A stretch of the entries below is to be set down exactly, running from the line with "松本市にとって、綺麗な水の存" through the line with "Cмеситель термостатический скрытого", both included, and no other line.

- **EXERCISE DATA**:
===

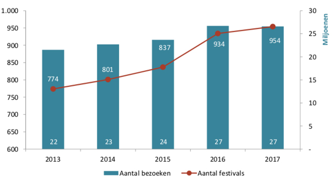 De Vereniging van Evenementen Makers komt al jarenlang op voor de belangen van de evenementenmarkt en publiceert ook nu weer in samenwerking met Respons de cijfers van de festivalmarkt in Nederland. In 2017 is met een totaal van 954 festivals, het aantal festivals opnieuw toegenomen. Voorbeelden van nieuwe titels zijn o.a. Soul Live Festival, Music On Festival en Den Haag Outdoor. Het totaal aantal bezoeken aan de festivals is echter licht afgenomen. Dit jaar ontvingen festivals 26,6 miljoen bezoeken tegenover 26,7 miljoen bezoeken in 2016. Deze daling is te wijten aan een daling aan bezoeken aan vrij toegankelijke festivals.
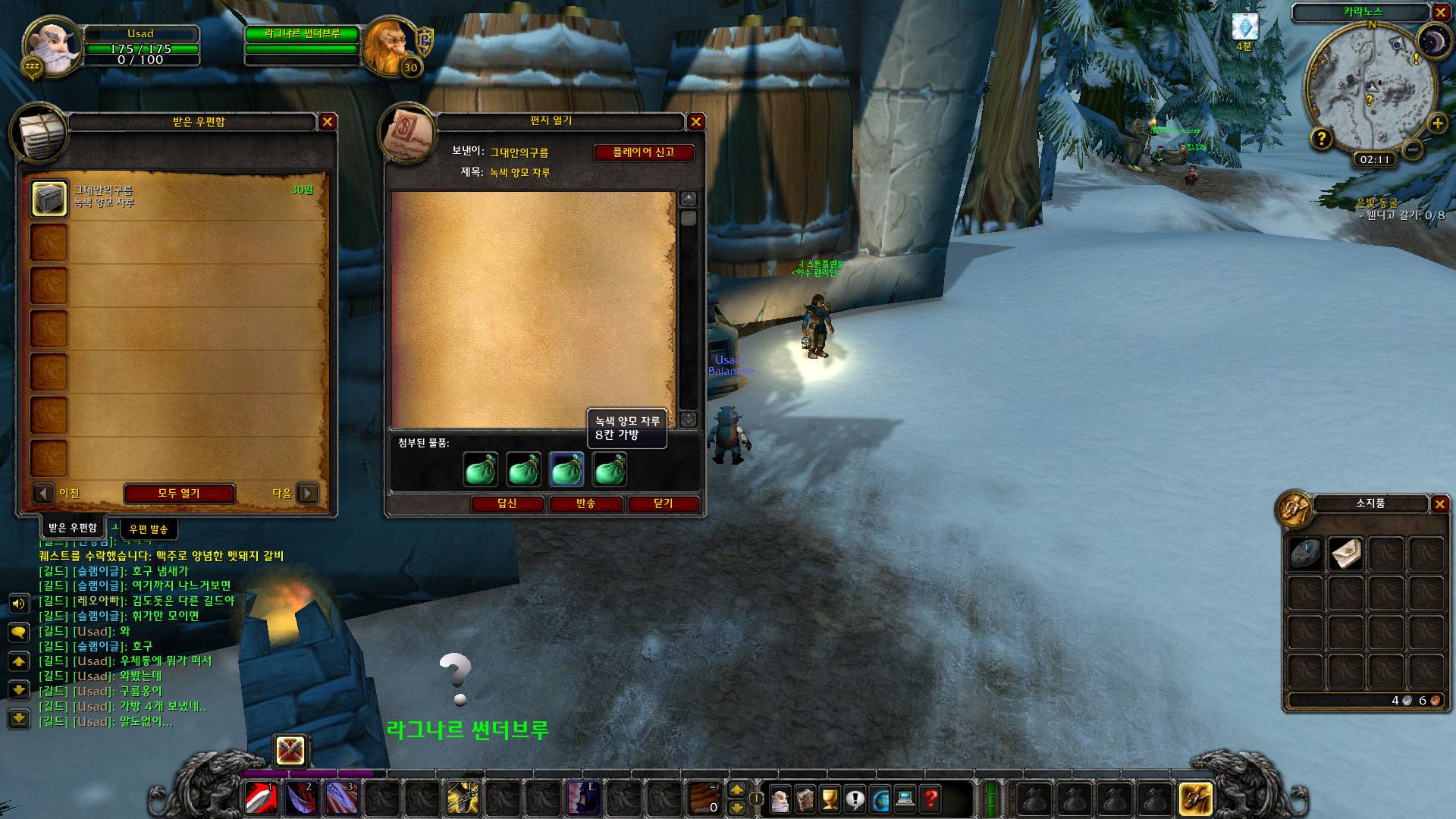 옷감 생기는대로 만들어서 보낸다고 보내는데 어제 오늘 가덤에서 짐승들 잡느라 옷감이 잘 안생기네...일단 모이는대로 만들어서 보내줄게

===

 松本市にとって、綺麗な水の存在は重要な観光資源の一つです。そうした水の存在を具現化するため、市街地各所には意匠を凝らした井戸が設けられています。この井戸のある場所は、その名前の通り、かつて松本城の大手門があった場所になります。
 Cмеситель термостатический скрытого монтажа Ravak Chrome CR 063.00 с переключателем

===

- **EXPECTED OUTPUT**:
 松本市にとって、綺麗な水の存在は重要な観光資源の一つです。そうした水の存在を具現化するため、市街地各所には意匠を凝らした井戸が設けられています。この井戸のある場所は、その名前の通り、かつて松本城の大手門があった場所になります。
 Cмеситель термостатический скрытого монтажа Ravak Chrome CR 063.00 с переключателем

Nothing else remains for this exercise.